Source data:
[Start of Attachment]

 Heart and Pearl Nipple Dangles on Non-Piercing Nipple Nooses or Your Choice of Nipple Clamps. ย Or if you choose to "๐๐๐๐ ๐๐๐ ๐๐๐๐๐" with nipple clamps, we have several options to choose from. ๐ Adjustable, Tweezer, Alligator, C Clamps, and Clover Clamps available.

[End of Attachment]
[Start of Attachment]

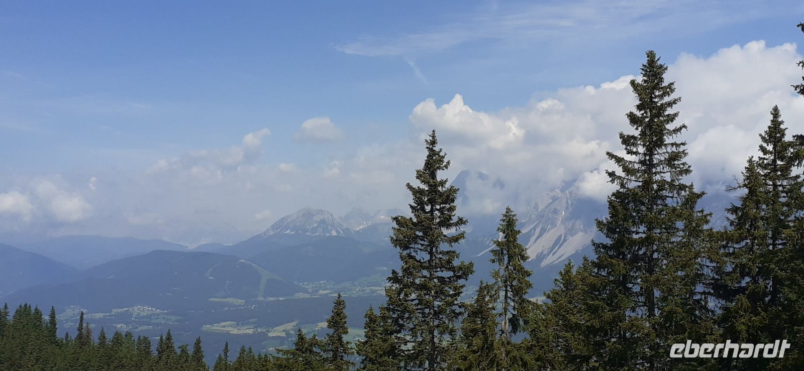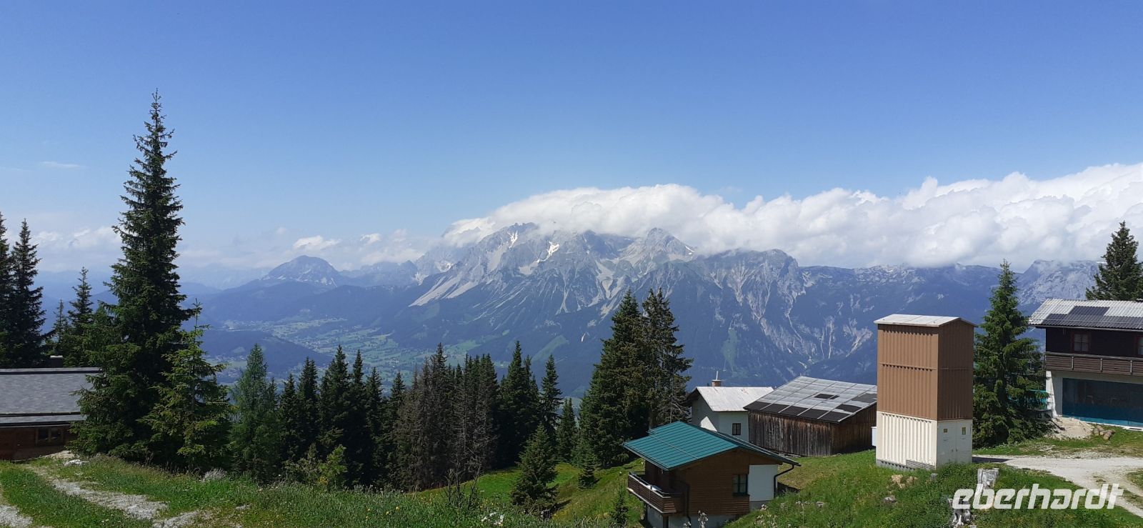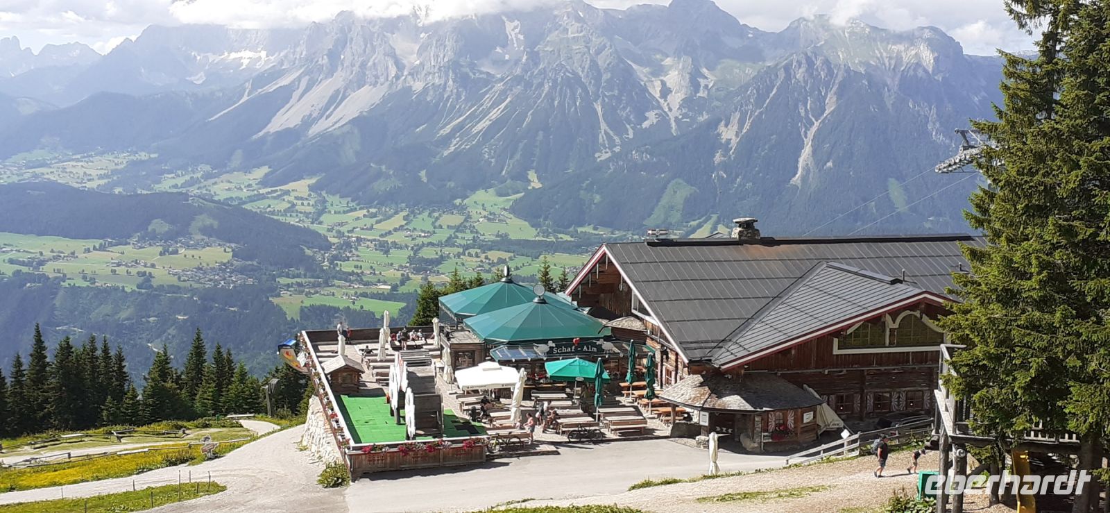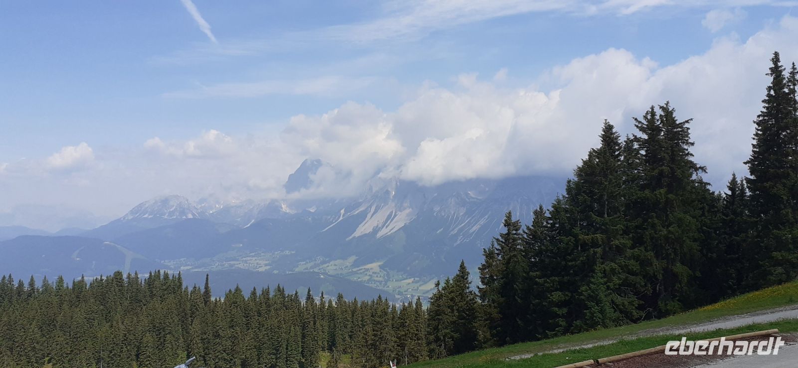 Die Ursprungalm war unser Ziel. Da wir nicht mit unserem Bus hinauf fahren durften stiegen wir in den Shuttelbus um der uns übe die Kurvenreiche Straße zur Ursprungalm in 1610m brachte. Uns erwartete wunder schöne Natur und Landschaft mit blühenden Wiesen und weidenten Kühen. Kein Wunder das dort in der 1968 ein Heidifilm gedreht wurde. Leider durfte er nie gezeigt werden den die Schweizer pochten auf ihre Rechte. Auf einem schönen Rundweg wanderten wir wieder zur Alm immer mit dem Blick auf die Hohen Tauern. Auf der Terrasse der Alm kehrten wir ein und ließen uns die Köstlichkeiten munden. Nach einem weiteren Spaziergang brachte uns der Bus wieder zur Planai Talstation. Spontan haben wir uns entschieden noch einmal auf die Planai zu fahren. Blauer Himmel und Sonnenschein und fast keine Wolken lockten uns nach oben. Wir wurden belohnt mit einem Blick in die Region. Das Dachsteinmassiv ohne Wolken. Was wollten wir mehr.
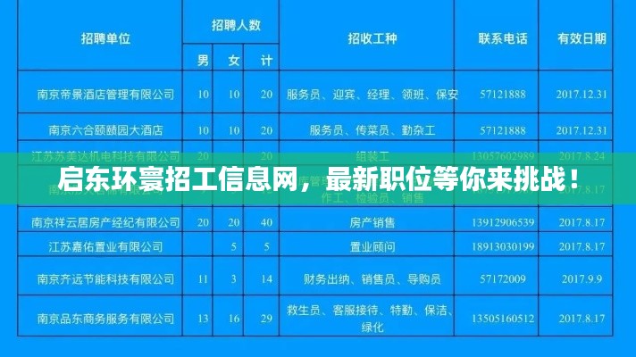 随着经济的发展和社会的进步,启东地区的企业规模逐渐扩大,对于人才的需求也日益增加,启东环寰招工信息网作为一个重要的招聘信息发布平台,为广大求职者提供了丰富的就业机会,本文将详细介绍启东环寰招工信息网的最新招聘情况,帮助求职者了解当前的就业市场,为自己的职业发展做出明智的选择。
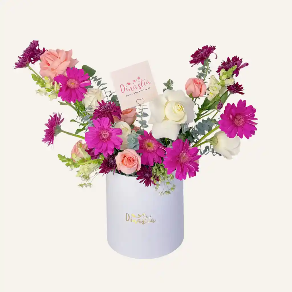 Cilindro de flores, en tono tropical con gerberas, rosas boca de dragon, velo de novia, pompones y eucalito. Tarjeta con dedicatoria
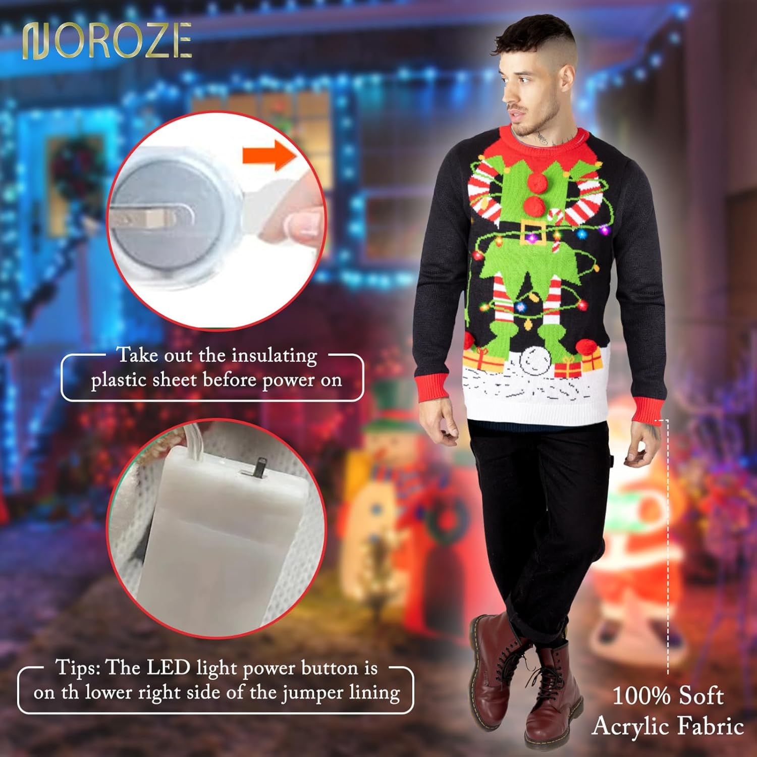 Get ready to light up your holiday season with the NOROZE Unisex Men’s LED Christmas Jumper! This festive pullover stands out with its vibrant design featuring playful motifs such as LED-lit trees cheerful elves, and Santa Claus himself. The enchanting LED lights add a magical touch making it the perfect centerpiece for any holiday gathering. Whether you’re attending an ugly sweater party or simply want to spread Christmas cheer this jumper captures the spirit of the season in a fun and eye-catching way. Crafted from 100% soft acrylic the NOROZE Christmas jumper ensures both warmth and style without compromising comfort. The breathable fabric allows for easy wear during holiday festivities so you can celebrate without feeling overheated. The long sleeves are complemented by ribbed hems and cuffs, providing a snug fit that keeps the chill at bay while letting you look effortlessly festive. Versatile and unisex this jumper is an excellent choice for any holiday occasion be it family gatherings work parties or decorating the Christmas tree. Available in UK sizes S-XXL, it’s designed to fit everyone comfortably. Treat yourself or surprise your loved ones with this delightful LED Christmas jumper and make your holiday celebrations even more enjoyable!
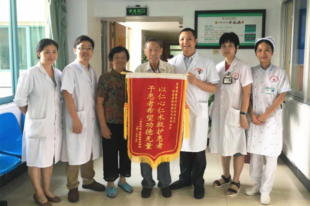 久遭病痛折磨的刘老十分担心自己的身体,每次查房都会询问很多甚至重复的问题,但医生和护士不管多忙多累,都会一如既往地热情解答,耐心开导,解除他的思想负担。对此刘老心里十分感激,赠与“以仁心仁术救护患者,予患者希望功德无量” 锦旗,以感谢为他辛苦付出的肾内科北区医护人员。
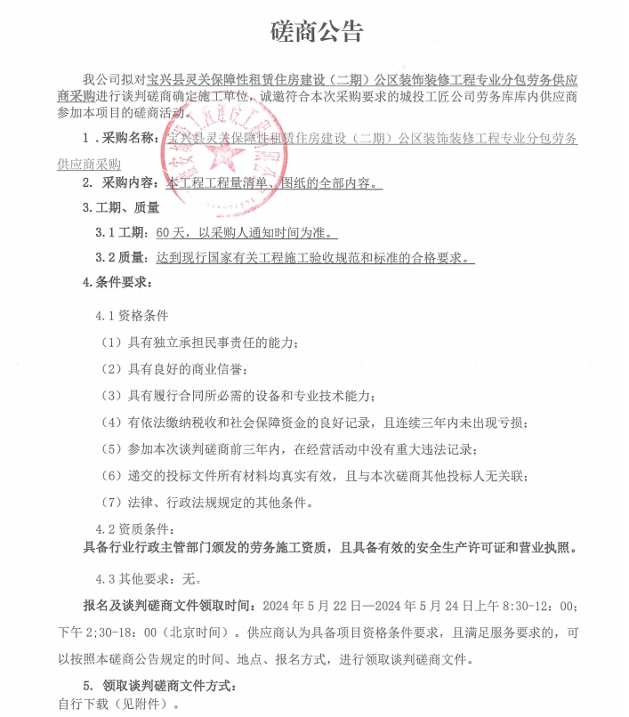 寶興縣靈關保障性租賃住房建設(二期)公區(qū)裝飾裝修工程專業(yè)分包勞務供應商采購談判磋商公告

[End of Attachment]
[Start of Attachment]

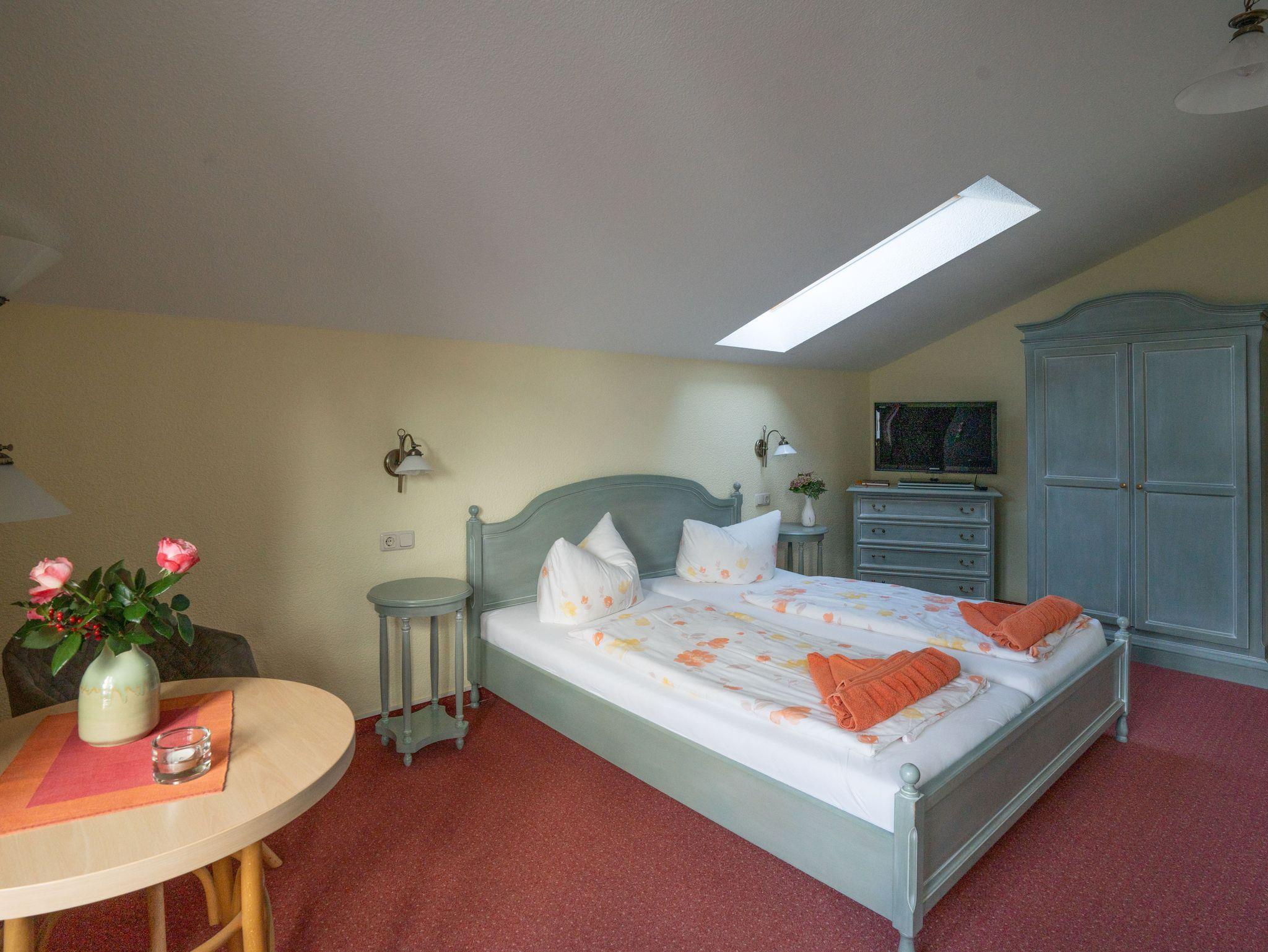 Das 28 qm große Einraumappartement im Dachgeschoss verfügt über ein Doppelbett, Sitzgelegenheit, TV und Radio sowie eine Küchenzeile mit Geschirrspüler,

[End of Attachment]

Task description: Excerpt from the records above: set down only the lines from the one that contains "Get ready to" through the one that contains "寶興縣靈關保障性租賃住房建設", inclusive, word for word. Pictures stay out.

Solution:
 Get ready to light up your holiday season with the NOROZE Unisex Men’s LED Christmas Jumper! This festive pullover stands out with its vibrant design featuring playful motifs such as LED-lit trees cheerful elves, and Santa Claus himself. The enchanting LED lights add a magical touch making it the perfect centerpiece for any holiday gathering. Whether you’re attending an ugly sweater party or simply want to spread Christmas cheer this jumper captures the spirit of the season in a fun and eye-catching way. Crafted from 100% soft acrylic the NOROZE Christmas jumper ensures both warmth and style without compromising comfort. The breathable fabric allows for easy wear during holiday festivities so you can celebrate without feeling overheated. The long sleeves are complemented by ribbed hems and cuffs, providing a snug fit that keeps the chill at bay while letting you look effortlessly festive. Versatile and unisex this jumper is an excellent choice for any holiday occasion be it family gatherings work parties or decorating the Christmas tree. Available in UK sizes S-XXL, it’s designed to fit everyone comfortably. Treat yourself or surprise your loved ones with this delightful LED Christmas jumper and make your holiday celebrations even more enjoyable!
 久遭病痛折磨的刘老十分担心自己的身体,每次查房都会询问很多甚至重复的问题,但医生和护士不管多忙多累,都会一如既往地热情解答,耐心开导,解除他的思想负担。对此刘老心里十分感激,赠与“以仁心仁术救护患者,予患者希望功德无量” 锦旗,以感谢为他辛苦付出的肾内科北区医护人员。
 寶興縣靈關保障性租賃住房建設(二期)公區(qū)裝飾裝修工程專業(yè)分包勞務供應商采購談判磋商公告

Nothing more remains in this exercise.